Hagia Sophia’s marble floors suffer ‘enormous damage’, reports say


Considered the oldest and fastest growing cathedral in the world, Istanbul’s Hagia Sophia has withstood many transitions – between reconstructions and repurposing as a place of Muslim worship, the extraordinary structure has seen many changes. As historic Constantinople became modern Istanbul, rulers from emperors to sultans used it first as a cathedral, then as a mosque, and finally, in 1934, it was converted by Cabinet decree. into a “memorial museum”. In 1985 Hagia Sophia was declared part of a UNESCO World Heritage Site and served as a historic tourist destination until 2020, when a Turkish court overturned the decree restoring its use as a mosque after 85 years as a museum. The decision was controversial.
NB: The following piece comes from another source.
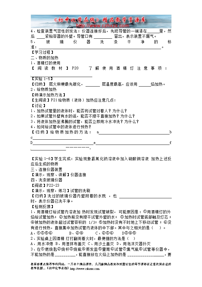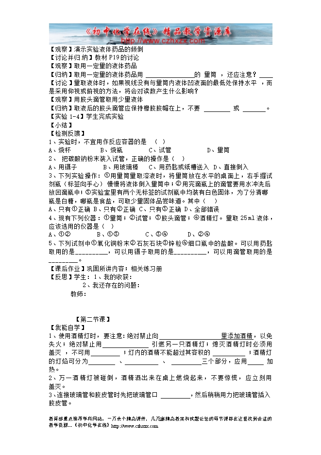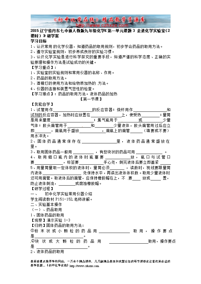 2015辽宁省丹东七中新人教版九年级化学《第一单元课题3 走进化学实验室(2课时)》研学案

Now the pictures flowing online Apparently showing cracked and damaged floors at Hagia Sophia have reignited international fervor for the preservation of the historic structure.

Hagia Sophia has been built and rebuilt many times before. By order of Emperor Justinian, it was completely and grandly rebuilt between 532 and 537 CE, opening to Greek Orthodox worship that year. In order to represent the Byzantine Empire in the extravagant basilica, the emperor demanded that all the provinces under his rule provide the materials necessary for its construction. The marble used for the floor and the ceiling was produced in Anatolia (now eastern Turkey) and Syria.

Now that ancient marble is showing signs of wear, according to some reports. According to Greek journalistdamage to the floor is caused by the heavy machinery used to clean it.

Because Hagia Sophia was considered a seat of Greek Orthodoxy, the damage resulting from its use as a mosque is particularly controversial – but many others with no religious interest in the building are concerned about irreparable damage to an important cultural site. . Earlier this year, a Posting on Twitter from a group called the Turkish Association of Art Historians shared a photo of what appeared to be vandalism at the historic imperial gate of Hagia Sophia, with brutal slashes in the wooden door which is, according to the legend, built from pieces of Noah’s ark.

“This historic building is badly damaged,” a mosque guide told the Turkish daily. Cumhuriyet. “When Hagia Sophia was a museum, people visited it with great respect. It’s like a fairground now.